I have been working now with GoDaddy domains and Namecheap, and I wanted to go down the rabbit hole, then I found the integration and management that Azure and AWS offer.

AWS – Route 53

It comes from port 53 (which is the DNS port in UDP/TCP) not from the Route 53 in USA, in order to configure you can either buy the domain directly from AWS (which is very convenient) but you can get really good deals in Namecheap or GoDaddy sometimes. Anyways, the way I use it is for public hosted (you can also use it for private hosted VPC) once you set the domain you will need to relay the operations by changing the name servers.

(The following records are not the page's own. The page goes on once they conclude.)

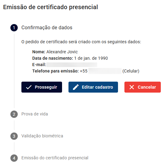 Na etapa 1, o sistema apresentará os dados de emissão do certificado. Se estiverem corretos, clique em "Prosseguir", caso contrário, clique em "Editar cadastro" para corrigir os dados lançados.
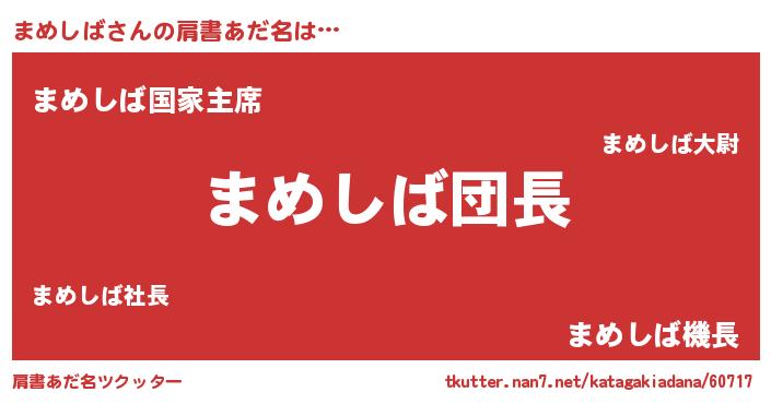 | 意味不明あだ名 | 『とにかく怪しいまめしば』 |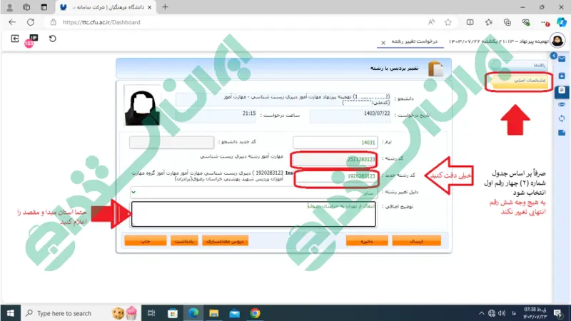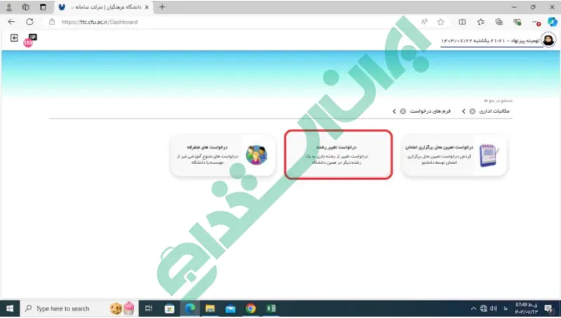 نحوه ثبت درخواست انتقال دانشگاه فرهنگیان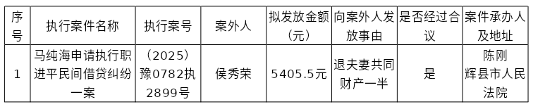辉县市人民法院关于向案外人侯秀荣发放执行案款的公示

Once you got that you are all set, you can test the name resolution


$ nslookup -type=SOA elavena.mx
Non-authoritative answer:
Server:  dns-anycast1.ericsson.se
Address:  193.181.14.10

elavena.mx
        primary name server = ns-1609.awsdns-09.co.uk
        responsible mail addr = awsdns-hostmaster.amazon.com
        serial  = 1
        refresh = 7200 (2 hours)
        retry   = 900 (15 mins)
        expire  = 1209600 (14 days)
        default TTL = 86400 (1 day)

And it is ready. You now have full control of it via AWS on Route53; adding records just a few clicks away.

Azure – DNS Zones

Azure has a little more to it, as it can be fully managed, you can link it to your AppService, VM or Service; You can also generate certificates for your apps for your domains too and link them directly to your Service (for HTTPS). It start also by creating a DNS Zone, once you create it Azure will give you the list of Name Servers, and you will need to update the same info in your your DNS management from your provider (like above picture).

Once that is set, you will have also total control of DNS records for that domain.

Hope this helps when looking for a solution to extend and control your DNS from a single point.